With Oracle Database 10GNow we can see that the cost-based SQL optimizer has been significantly improved internally, and the automatic SQL optimization mechanism is more convenient. For Oracle Database 10GMajor changes to the SQL optimizer include the following exciting topics:
- Rule-based optimizer is not supported-Even in Oracle Database 10GThere is a rule-based optimizer (RBO). Oracle strongly recommends that customers who use rule-based optimization do not hesitate. Websites that are still using RBO can switchFirst_rowsOptimizer_mode and set the parametersOptimizer_index_cost_adjAdjust to a small number (<25) so that the cost-based optimizer can simulate RBO behavior. Those that do not wantGThe store that changes its execution plan during the migration can use the Oracle optimizer scheduler stability feature to retain the pre-transplant rule-based execution plan.
- User-initiated buffer cache refresh-Now you can manually refresh the buffer cache between running test queries, so that you can diagnose and test the SQL Execution Process. For SQL unit tests, this data buffer clearing function ensures a unique SQL response time test and removes performance Variability Related to ram data cache.
- Sqlaccess Advisor-Sqlaccess advisor isDbms_advisorAn expert system inside the package can identify (and provide solution suggestions) performance issues of SQL Execution. It analyzes SQL statements from the database cache and recommends which indexes or materialized views need to be created, deleted, or retained.
Basic Cost knowledge
Although we already have a very detailed understanding of the optimizer, we need to constantly learn more, because each new version of the optimizer has become more powerful (and complex ). The main points of this Article include the general principles for adjusting the optimizer behavior:
- In rare cases, the value of the index column changes the optimal execution plan, and the bar chart provides the optimizer with detailed column information. Therefore, use a column chart only when it is proved appropriate.
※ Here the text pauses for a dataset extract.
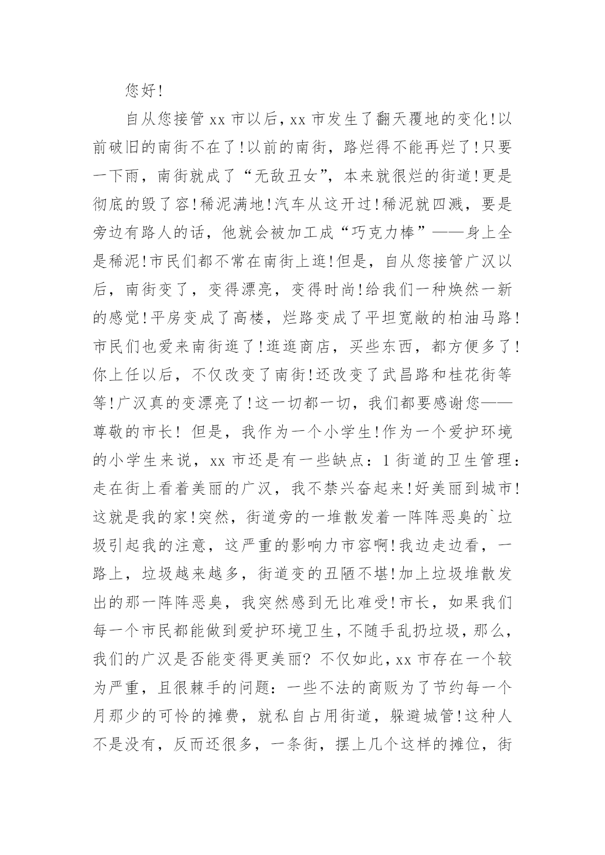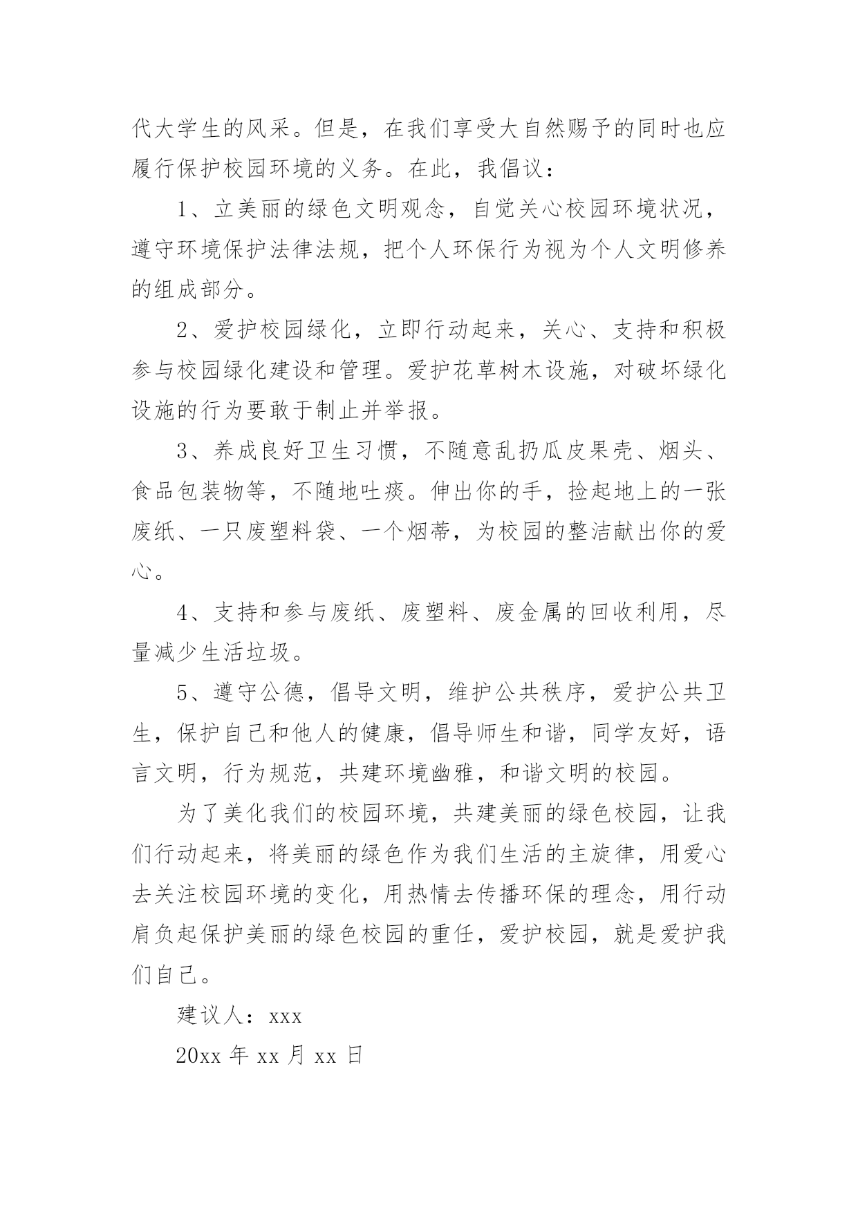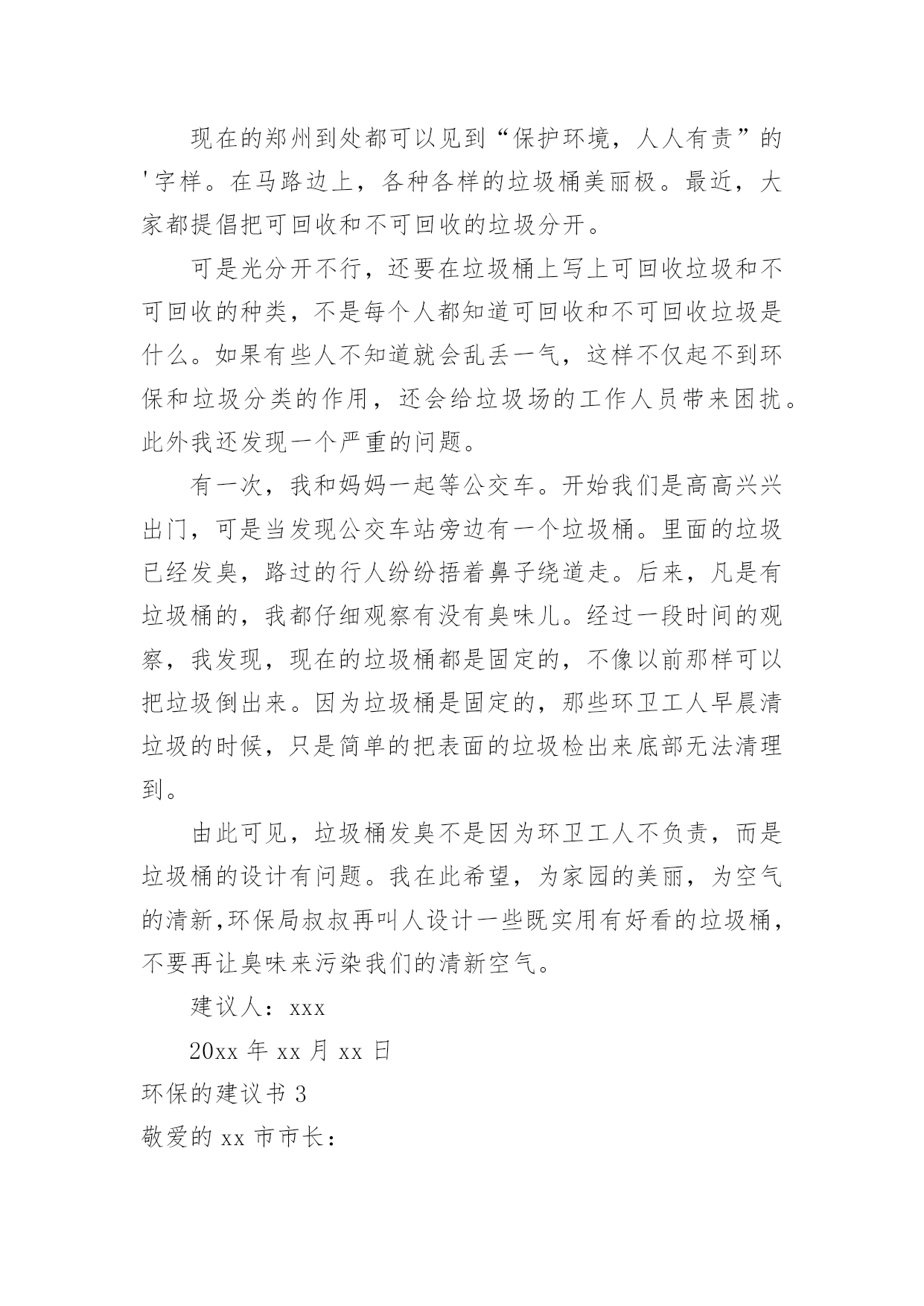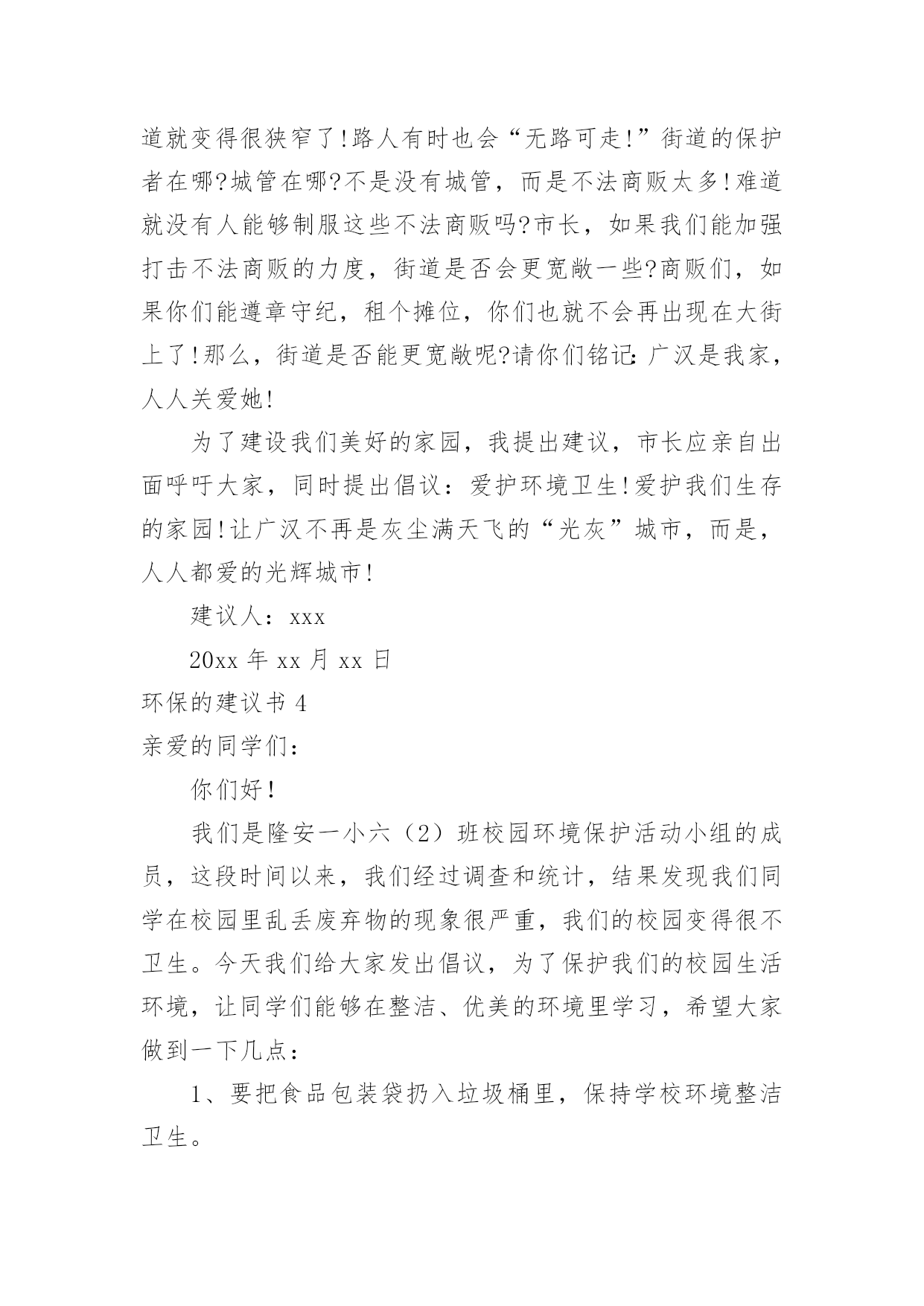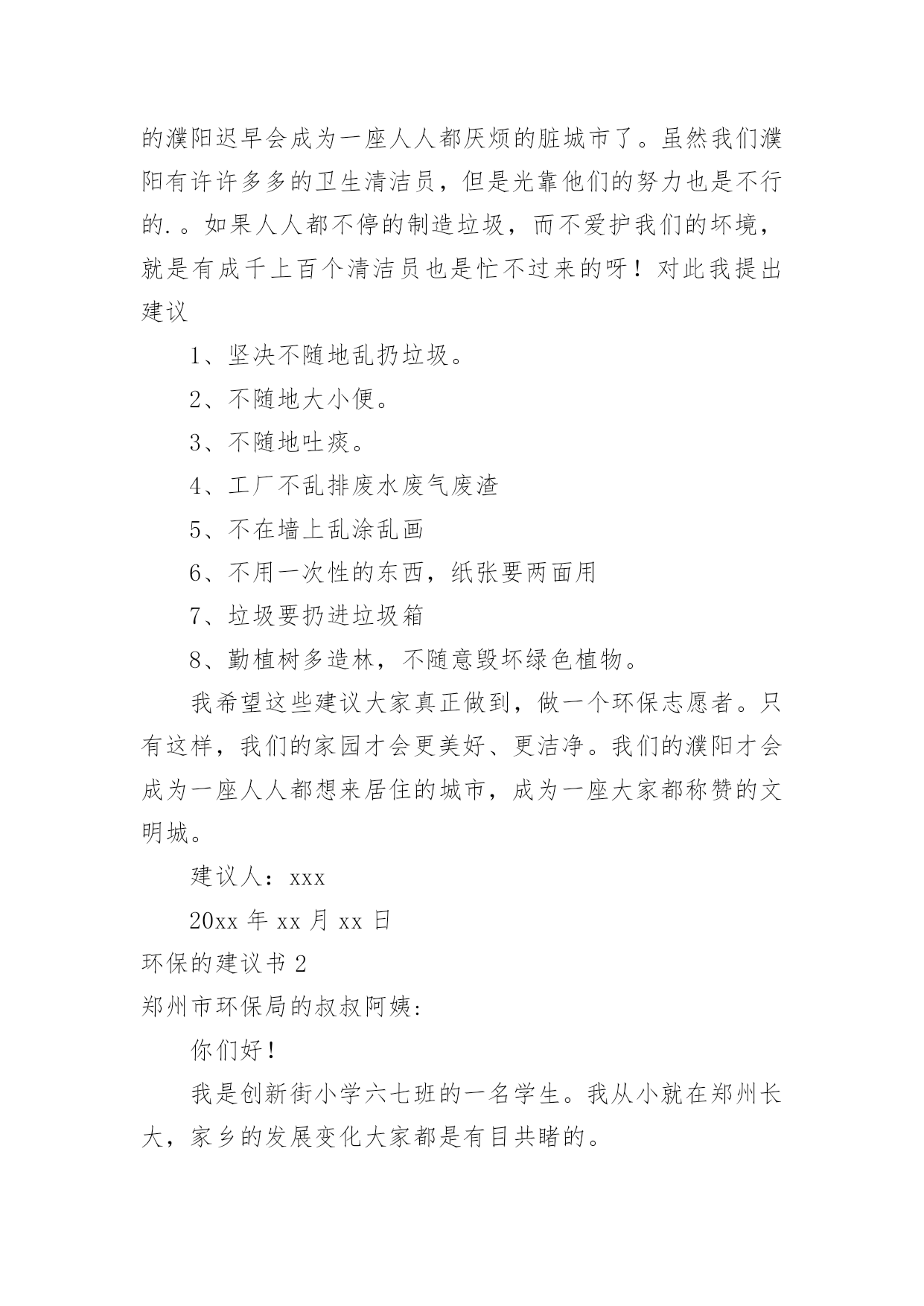 环保的建议书环保的建议书随着社会一步步向前发展,建议书在我们的视野里出现的频率越来越高,建议书是个人或团体,对整体发展或某项工作,向组织提出具体建议时使用的一种书信。还是对建议书一筹莫展吗?下面是小编收集整理的环保的建议书,希望能够帮助到大家。环保的建议书1濮阳市的市民们:你们好!今天,我给我们濮阳市些建议书,是为了我们濮阳市的环保采写的。众所周知我们濮阳市一座历史悠久的城市。上古时期帝王舜就在这里打渔。而且濮阳市一座龙城。但在这历史悠久的城市里,却拥有着不爱环保的现象。比如人们随地乱扔垃圾,不把垃圾扔进垃圾箱。还有人随地大小便,是人走到大都会闻到骚味。宠物也随地大小便,再加上人们有时在小草和鲜花上踩踏,而是他们尽早的枯萎。有的小朋友还在草坪上踢足球,把草坪能得凌乱不堪。还有的工厂乱排放污水和废气,使得我们的濮阳母亲河——濮水河受到了严重的污染,使得鱼虾不能生存而被毒死。这都是人类不爱护怀抱的缘故啊!再这样下去我们的濮阳迟早会成为一座人人都厌烦的脏城市了。虽然我们濮阳有许许多多的卫生清洁员,但是光靠他们的努力也是不行的.。如果人人都不停的制造垃圾,而不爱护我们的坏境,就是有成千上百个清洁员也是忙不过来的呀!对此我提出建议1、坚决不随地乱扔垃圾。2、不随地大小便。3、不随地吐痰。4、工厂不乱排废水废气废渣5、不在墙上乱涂乱画6、不用一次性的东西,纸张要两面用7、垃圾要扔进垃圾箱8、勤植树多造林,不随意毁坏绿色植物。我希望这些建议大家真正做到,做一个环保志愿者。只有这样,我们的家园才会更美好、更洁净。我们的濮阳才会成为一座人人都想来居住的城市,成为一座大家都称赞的文明城。建议人:xxx20xx年xx月xx日环保的建议书2郑州市环保局的叔叔阿姨:你们好!我是创新街小学六七班的一名学生。我从小就在郑州长大,家乡的发展变化大家都是有目共睹的。现在的郑州到处都可以见到“保护环境,人人有责”的'字样。在马路边上,各种各样的垃圾桶美丽极。最近,大家都提倡把可回收和不可回收的垃圾分开。可是光分开不行,还要在垃圾桶上写上可回收垃圾和不可回收的种类,不是每个人都知道可回收和不可回收垃圾是什么。如果有些人不知道就会乱丢一气,这样不仅起不到环保和垃圾分类的作用,还会给垃圾场的工作人员带来困扰。此外我还发现一个严重的问题。有一次,我和妈妈一起等公交车。开始我们是高高兴兴出门,可是当发现公交车站旁边有一个垃圾桶。里面的垃圾已经发臭,路过的行人纷纷捂着鼻子绕道走。后来,凡是有垃圾桶的,我都仔细观察有没有臭味儿。经过一段时间的观察,我发现,现在的垃圾桶都是固定的,不像以前那样可以把垃圾倒出来。因为垃圾桶是固定的,那些环卫工人早晨清垃圾的时候,只是简单的把表面的垃圾检出来底部无法清理到。由此可见,垃圾桶发臭不是因为环卫工人不负责,而是垃圾桶的设计有问题。我在此希望,为家园的美丽,为空气的清新,环保局叔叔再叫人设计一些既实用有好看的垃圾桶,不要再让臭味来污染我们的清新空气。建议人:xxx20xx年xx月xx日环保的建议书3敬爱的xx市市长:您好!自从您接管xx市以后,xx市发生了翻天覆地的变化!以前破旧的南街不在了!以前的南街,路烂得不能再烂了!只要一下雨,南街就成了“无敌丑女”,本来就很烂的街道!更是彻底的毁了容!稀泥满地!汽车从这开过!稀泥就四溅,要是旁边有路人的话,他就会被加工成“巧克力棒”——身上全是稀泥!市民们都不常在南街上逛!但是,自从您接管广汉以后,南街变了,变得漂亮,变得时尚!给我们一种焕然一新的感觉!平房变成了高楼,烂路变成了平坦宽敞的柏油马路!市民们也爱来南街逛了!逛逛商店,买些东西,都方便多了!你上任以后,不仅改变了南街!还改变了武昌路和桂花街等等!广汉真的变漂亮了!这一切都一切,我们都要感谢您——尊敬的市长!但是,我作为一个小学生!作为一个爱护环境的小学生来说,xx市还是有一些缺点:1街道的卫生管理:走在街上看着美丽的广汉,我不禁兴奋起来!好美丽到城市!这就是我的家!突然,街道旁的一堆散发着一阵阵恶臭的`垃圾引起我的注意,这严重的影响力市容啊!我边走边看,一路上,垃圾越来越多,街道变的丑陋不堪!加上垃圾堆散发出的那一阵阵恶臭,我突然感到无比难受!市长,如果我们每一个市民都能做到爱护环境卫生,不随手乱扔垃圾,那么,我们的广汉是否能变得更美丽?不仅如此,xx市存在一个较为严重,且很棘手的问题:一些不法的商贩为了节约每一个月那少的可怜的摊费,就私自占用街道,躲避城管!这种人不是没有,反而还很多,一条街,摆上几个这样的摊位,街道就变得很狭窄了!路人有时也会“无路可走!”街道的保护者在哪?城管在哪?不是没有城管,而是不法商贩太多!难道就没有人能够制服这些不法商贩吗?市长,如果我们能加强打击不法商贩的力度,街道是否会更宽敞一些?商贩们,如果你们能遵

- It is not enough to compile an SQL statement that can obtain the correct data. Developers should be responsible for adjusting their SQL statements and training with optimal SQL formatting. They should understand how to useExplain planAndTkprof.
- The most common problems with SQL optimization are missing indexes (or unselective indexes) and unoptimized table join methods.
- The Oracle prompt is used to change the query execution plan, but should be used as the final means.
- V $ SQL _planThe view displays the execution plans of all SQL statements in the cache of the database. You can query this view to learn more about the SQL Execution Process.
Special thanks to Andrew Holdsworth, Oracle SQL elite.